In [None]:
import pandas as pd
import numpy as np
import matplotlib.pyplot as plt
import seaborn as sns
from matplotlib_inline.backend_inline import set_matplotlib_formats
from IPython.display import display, IFrame

set_matplotlib_formats("svg")
sns.set_context("poster")
sns.set_style("whitegrid")
plt.rcParams["figure.figsize"] = (10, 5)
pd.set_option("display.max_rows", 8)
pd.set_option("display.max_columns", 8)
pd.set_option("display.precision", 2)

# Lecture 5 – Exploring and Cleaning Data

## DSC 80, Fall 2023

## 📣 Announcements 📣

- Project 1 due Wed!
- Lab 3 out, due on Mon

## 📆 Agenda

- [ ] Introduce dataset
- [ ] Introduce `plotly`
- [ ] Statistical vs. computational data types
- [ ] Data cleaning
    - [ ] Data quality checks
    - [ ] Missing data
    - [ ] Transformations and timestamps
    - [ ] Modifying structure
- [ ] Investigating student-submitted questions

## San Diego Food Safety

> In the last three years, one third of San Diego County restaurants have had at least one major food safety violation.

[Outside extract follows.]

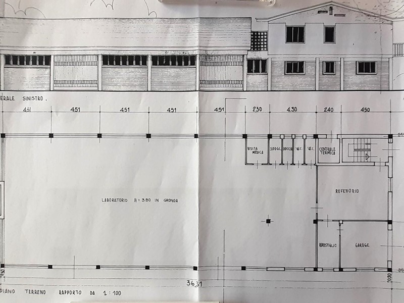 Il capannone più grande con doppio ingresso carrabile ha una metratura di 450 mq circa (H 3,80 in gronda) comprensiva di due uffici, spogliatoio, doppi servizi, ampio refettorio già attrezzato per la somministrazione e spazioso garage/deposito con ingresso indipendente.

https://inewsource.org/2023/02/09/san-diego-restaurants-food-safety-violations/

(https://archive.ph/gz8BL)

### 99% Of San Diego Restaurants Earn ‘A' Grades, Bringing Usefulness of System Into Question

> Food held at unsafe temperatures. Employees not washing their hands. Dirty countertops. Vermin in the kitchen. An expired restaurant permit.
> 
> Restaurant inspectors for San Diego County found these violations during a routine health inspection of a diner in La Mesa in November 2016. Despite the violations, the restaurant was awarded a score of 90 out of 100, the lowest possible score to achieve an ‘A’ grade.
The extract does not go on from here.